Things have quieted down. The police announced on the TV news that motorists driving in Duke City would find that they must have mufflers which muffle. Drivers attempting to enter Duke City without functioning mufflers would be stopped near the edge of town. The announcement didn't make clear who or what would stop them. The City Council passed an ordinance increasing the fines for obstructing traffic.

I received a telephone call from Clyde at dawn one morning. Sorry to bother you so early, Marta. I need a ride. Car broke down again.

Sure, I answer. Come on over and I'll take you to school.

No, I'm not at home. I've been out here all night. I waited to call 'til I thought you'd be up.

Where are you?

Golden Inn.

My God - It's an hour's drive, over on the other side of the mountains. O.K. But you'll be late for school.
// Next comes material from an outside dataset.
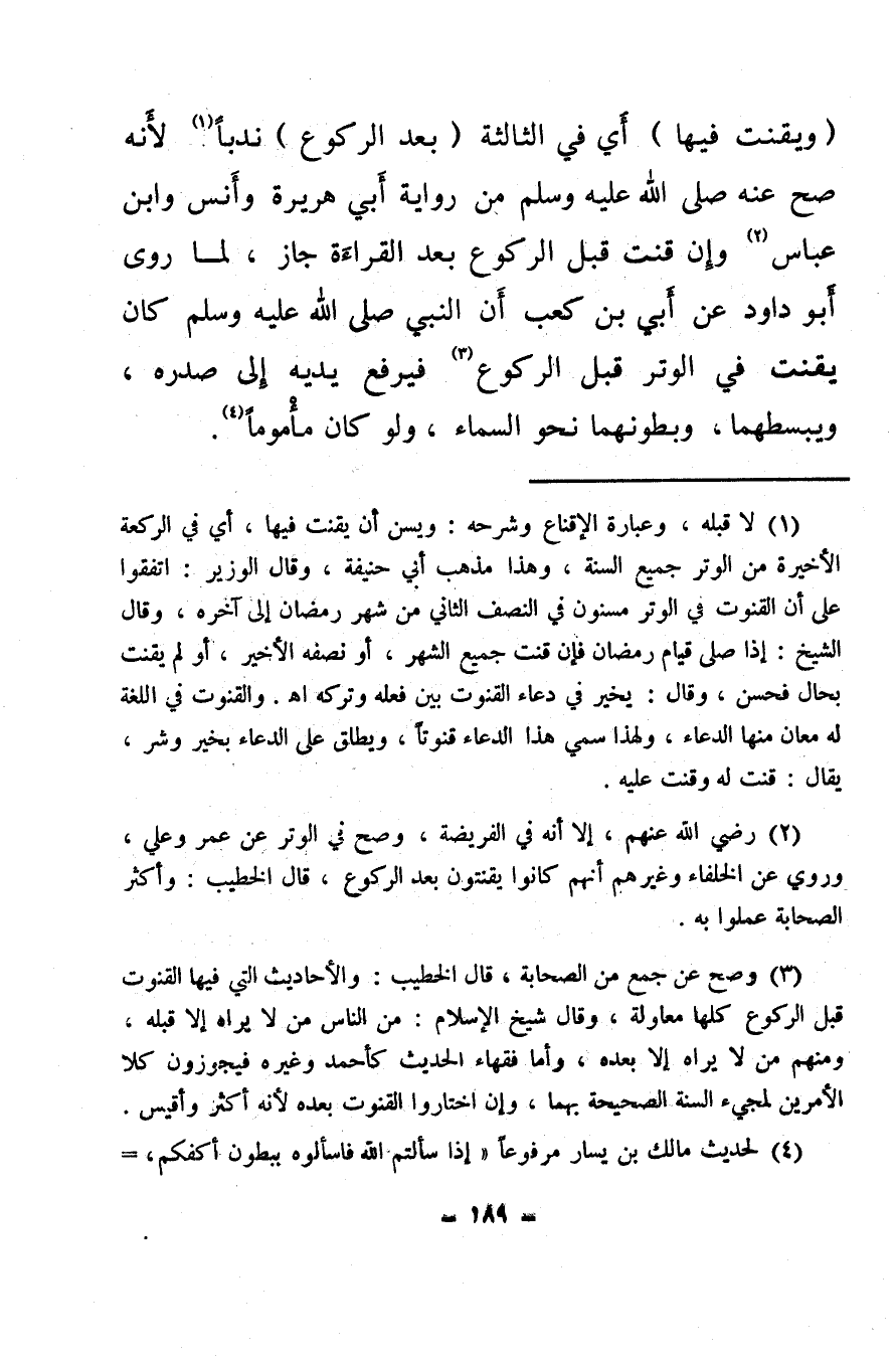 (¬3) وصح عن جمع من الصحابة، قال الخطيب: والأحاديث التي فيها القنوت قبل الركوع كلها معاولة وقال شيخ الإسلام: من الناس من لا يراه إلا قبله، ومنهم من لا يراه إلا بعده، وأما فقهاء الحديث كأحمد وغيره فيجوزون كلا الأمرين لمجيء السنة الصحيحة بهما، وإن اختاروا القنوت بعده لأنه أكثر وأقيس.

I know. But I didn't wanta bother you any earlier.

So I drove to Golden, to the country music night club. The parking lot was full of cars, which seemed odd so early in the morning. A few were pulling away as I drove in.

Clyde was waiting for me beside the highway. Hi, Marta, he says. You're not gonna believe this.

That your wreck of a car broke down again? Sure, I am. You ought to trade it in.

No, listen to this.

Get in. You can tell me while I drive you back.

I don't need a ride after all, he says, a little sheepishly.

Don't need a ride? I don't understand.

I don't either. Lemme tell you what happened. I drove out here to listen to the Jug Band. Remember? I invited you, but you couldn't come. One of the players teaches with me at the school. They're really good. We were drinkin' beer and enjoyin' the hell out of it - 'til closing time. Then we came out, and no one could get his car started. We were all stuck, except the gal that plays the washboard for the jug band. The band all piled in her car and drove off. And the customers just stood around in the parking lot. No one could get a car started.

How can it be everybody's car at once? I ask. Mufflers! You all need new mufflers!

You know I just got a new muffler, and so did half a dozen other guys!

So you spent the night out here in the parking lot?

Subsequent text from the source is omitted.